● **Exercise**: Return the listing exactly, please; no pictures.

● **Source material**:
►
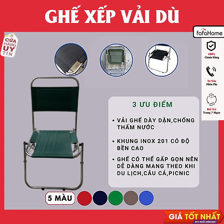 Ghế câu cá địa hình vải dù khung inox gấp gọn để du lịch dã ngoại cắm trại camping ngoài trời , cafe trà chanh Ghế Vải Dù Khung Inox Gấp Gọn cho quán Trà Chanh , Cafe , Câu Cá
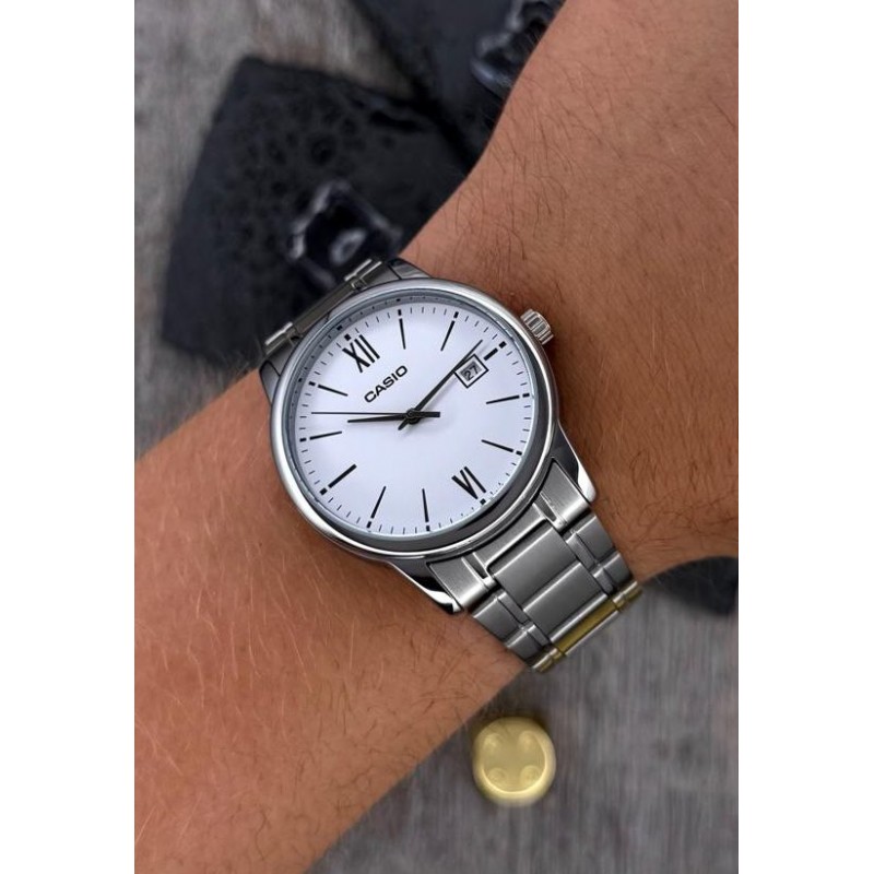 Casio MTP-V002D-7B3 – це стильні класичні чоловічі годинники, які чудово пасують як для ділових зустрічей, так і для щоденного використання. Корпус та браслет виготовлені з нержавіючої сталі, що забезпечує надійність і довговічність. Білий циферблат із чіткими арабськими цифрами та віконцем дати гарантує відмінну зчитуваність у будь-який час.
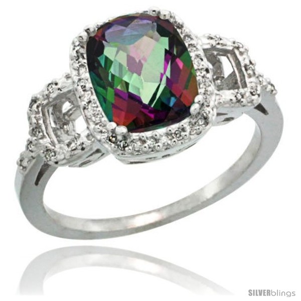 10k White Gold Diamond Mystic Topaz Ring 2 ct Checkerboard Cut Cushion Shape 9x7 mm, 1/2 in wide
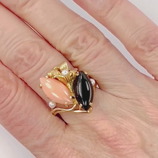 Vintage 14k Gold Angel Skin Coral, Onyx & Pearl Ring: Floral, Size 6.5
◄
● **Solution to the problem**:
 Ghế câu cá địa hình vải dù khung inox gấp gọn để du lịch dã ngoại cắm trại camping ngoài trời , cafe trà chanh Ghế Vải Dù Khung Inox Gấp Gọn cho quán Trà Chanh , Cafe , Câu Cá
 Casio MTP-V002D-7B3 – це стильні класичні чоловічі годинники, які чудово пасують як для ділових зустрічей, так і для щоденного використання. Корпус та браслет виготовлені з нержавіючої сталі, що забезпечує надійність і довговічність. Білий циферблат із чіткими арабськими цифрами та віконцем дати гарантує відмінну зчитуваність у будь-який час.
 10k White Gold Diamond Mystic Topaz Ring 2 ct Checkerboard Cut Cushion Shape 9x7 mm, 1/2 in wide
 Vintage 14k Gold Angel Skin Coral, Onyx & Pearl Ring: Floral, Size 6.5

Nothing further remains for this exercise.